# EXERCISE INSTRUCTIONS:
For the records below, reproduce exactly the line that contains "This expertly retouched" and all subsequent lines, with nothing left out and nothing added.

# RECORD EXCERPTS:

╔══

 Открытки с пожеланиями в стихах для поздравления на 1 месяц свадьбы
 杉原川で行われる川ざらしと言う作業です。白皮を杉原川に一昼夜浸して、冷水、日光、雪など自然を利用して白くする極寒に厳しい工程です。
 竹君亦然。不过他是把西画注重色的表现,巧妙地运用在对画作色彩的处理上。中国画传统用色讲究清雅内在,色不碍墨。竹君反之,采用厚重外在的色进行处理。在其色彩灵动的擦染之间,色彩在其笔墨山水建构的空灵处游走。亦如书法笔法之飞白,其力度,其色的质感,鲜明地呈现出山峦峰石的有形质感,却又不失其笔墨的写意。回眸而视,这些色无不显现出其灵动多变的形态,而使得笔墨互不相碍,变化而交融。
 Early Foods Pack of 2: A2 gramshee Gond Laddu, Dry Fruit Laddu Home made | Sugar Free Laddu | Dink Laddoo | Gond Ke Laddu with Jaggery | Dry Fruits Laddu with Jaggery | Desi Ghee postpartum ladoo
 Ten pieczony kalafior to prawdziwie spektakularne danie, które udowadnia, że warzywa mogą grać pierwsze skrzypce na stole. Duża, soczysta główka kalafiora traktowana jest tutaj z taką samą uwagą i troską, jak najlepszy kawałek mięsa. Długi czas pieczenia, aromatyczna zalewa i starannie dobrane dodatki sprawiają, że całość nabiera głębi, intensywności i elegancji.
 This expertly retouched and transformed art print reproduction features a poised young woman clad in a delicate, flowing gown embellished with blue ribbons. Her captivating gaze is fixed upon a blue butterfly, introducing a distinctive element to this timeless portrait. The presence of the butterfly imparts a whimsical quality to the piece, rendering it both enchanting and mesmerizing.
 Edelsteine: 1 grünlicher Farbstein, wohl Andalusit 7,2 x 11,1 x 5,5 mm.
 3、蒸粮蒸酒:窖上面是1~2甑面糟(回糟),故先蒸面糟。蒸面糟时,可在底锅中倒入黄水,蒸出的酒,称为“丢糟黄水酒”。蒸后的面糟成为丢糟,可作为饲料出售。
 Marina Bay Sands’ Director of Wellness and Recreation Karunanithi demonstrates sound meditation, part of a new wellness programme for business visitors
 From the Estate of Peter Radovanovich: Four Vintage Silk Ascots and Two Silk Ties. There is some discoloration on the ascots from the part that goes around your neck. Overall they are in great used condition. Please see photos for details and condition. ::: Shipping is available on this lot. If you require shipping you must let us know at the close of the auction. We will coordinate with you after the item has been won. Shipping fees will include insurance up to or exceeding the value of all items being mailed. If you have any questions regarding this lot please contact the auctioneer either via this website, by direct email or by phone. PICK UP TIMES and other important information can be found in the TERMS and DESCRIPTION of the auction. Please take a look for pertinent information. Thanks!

╚══

# WRITTEN RESPONSE:
 This expertly retouched and transformed art print reproduction features a poised young woman clad in a delicate, flowing gown embellished with blue ribbons. Her captivating gaze is fixed upon a blue butterfly, introducing a distinctive element to this timeless portrait. The presence of the butterfly imparts a whimsical quality to the piece, rendering it both enchanting and mesmerizing.
 Edelsteine: 1 grünlicher Farbstein, wohl Andalusit 7,2 x 11,1 x 5,5 mm.
 3、蒸粮蒸酒:窖上面是1~2甑面糟(回糟),故先蒸面糟。蒸面糟时,可在底锅中倒入黄水,蒸出的酒,称为“丢糟黄水酒”。蒸后的面糟成为丢糟,可作为饲料出售。
 Marina Bay Sands’ Director of Wellness and Recreation Karunanithi demonstrates sound meditation, part of a new wellness programme for business visitors
 From the Estate of Peter Radovanovich: Four Vintage Silk Ascots and Two Silk Ties. There is some discoloration on the ascots from the part that goes around your neck. Overall they are in great used condition. Please see photos for details and condition. ::: Shipping is available on this lot. If you require shipping you must let us know at the close of the auction. We will coordinate with you after the item has been won. Shipping fees will include insurance up to or exceeding the value of all items being mailed. If you have any questions regarding this lot please contact the auctioneer either via this website, by direct email or by phone. PICK UP TIMES and other important information can be found in the TERMS and DESCRIPTION of the auction. Please take a look for pertinent information. Thanks!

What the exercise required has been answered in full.